Exclude all pictures, then write out exactly the lines below from the first one through the line with "Si près d’un".

━━━━━━━━━━━━━━━━

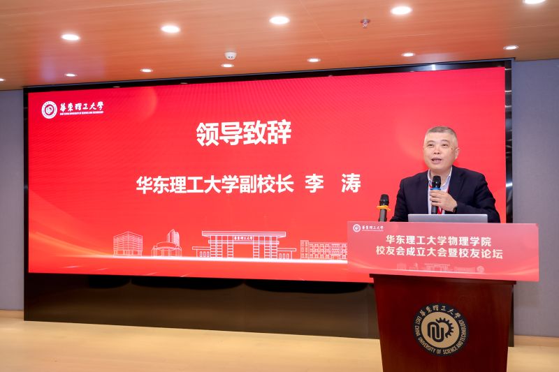李涛对物理学院校友会成立表示祝贺。他表示,学院成立4年多来,在人才培养、学科建设、科学研究等方面取得了长足的进步,离不开全体师生的不懈奋斗和广大校友的关心支持。面向“十五五”新征程,他希望校友会能够凝聚广大校友力量,共建“育人共同体”助力学生成长,联结“校友网络”促进资源共享,助力“学科发展”与学院同向同行,共同为教育强国建设贡献华理力量。
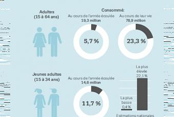 Si près d’un Européen sur 4 a déjà consommé des drogues illicites, la drogue la plus répandue reste le cannabis et pour toutes les tranches d’âge. On estime à 14,6 millions le nombre de jeunes Européens de 15 à 34 ans (11,7 % de cette tranche d’âge) qui ont consommé du cannabis au cours de l’année écoulée, dont 8,8 millions de jeunes entre 15 et 24 ans (15,2 %).
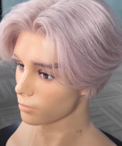 Real Human Hair Male Full Lace Wigs Short Pixie Cut Platinum Full lace Wig Boy Men Cut Shaved Mens Human Hair Wigs Daily Wear (13×6 lace front wig, Medium)
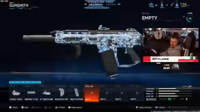 02:56:17Der Streamer äußert sich über das Gameplay mit Maus und Tastatur, stellt fest, dass der Durchschnittsspieler besser geworden ist, aber auch viele schlechte Spieler in den Lobbys vorhanden sind. Er kritisiert das Matchmaking, das teilweise unfaire Lobbys erstellt. Bei den Waffen erwähnt er spezielle Camos und Prestige-Optionen, die er freischalten möchte.
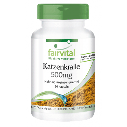 Katzenkralle 500mg Kapseln von Fairvital. Katzenkralle 500mg Kapseln von Fairvital Bei den Indianern des Regenwaldes galt die Katzenkralle schon immer als besondere Pflanze. Sie wird sogar als Heilige Pflanze des Regenwaldes bezeichnet. Die innere Rinde eines dornigen Weingewächses, das an die Krallen einer Katze erinnert, wurde traditionell für das allgemeine Wohlbefinden verwendet. Hinweis: In den ersten Tagen des Verzehrs kann der Urin eine starke Färbung bzw. einen starken Geruch aufweisen. Gutes aus der Natur!
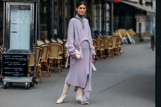 秋天,温和色系的针织套装搭配一条点睛的丝巾,是非常有气质的look。

━━━━━━━━━━━━━━━━

ANSWER TO THE EXERCISE:
李涛对物理学院校友会成立表示祝贺。他表示,学院成立4年多来,在人才培养、学科建设、科学研究等方面取得了长足的进步,离不开全体师生的不懈奋斗和广大校友的关心支持。面向“十五五”新征程,他希望校友会能够凝聚广大校友力量,共建“育人共同体”助力学生成长,联结“校友网络”促进资源共享,助力“学科发展”与学院同向同行,共同为教育强国建设贡献华理力量。
 Si près d’un Européen sur 4 a déjà consommé des drogues illicites, la drogue la plus répandue reste le cannabis et pour toutes les tranches d’âge. On estime à 14,6 millions le nombre de jeunes Européens de 15 à 34 ans (11,7 % de cette tranche d’âge) qui ont consommé du cannabis au cours de l’année écoulée, dont 8,8 millions de jeunes entre 15 et 24 ans (15,2 %).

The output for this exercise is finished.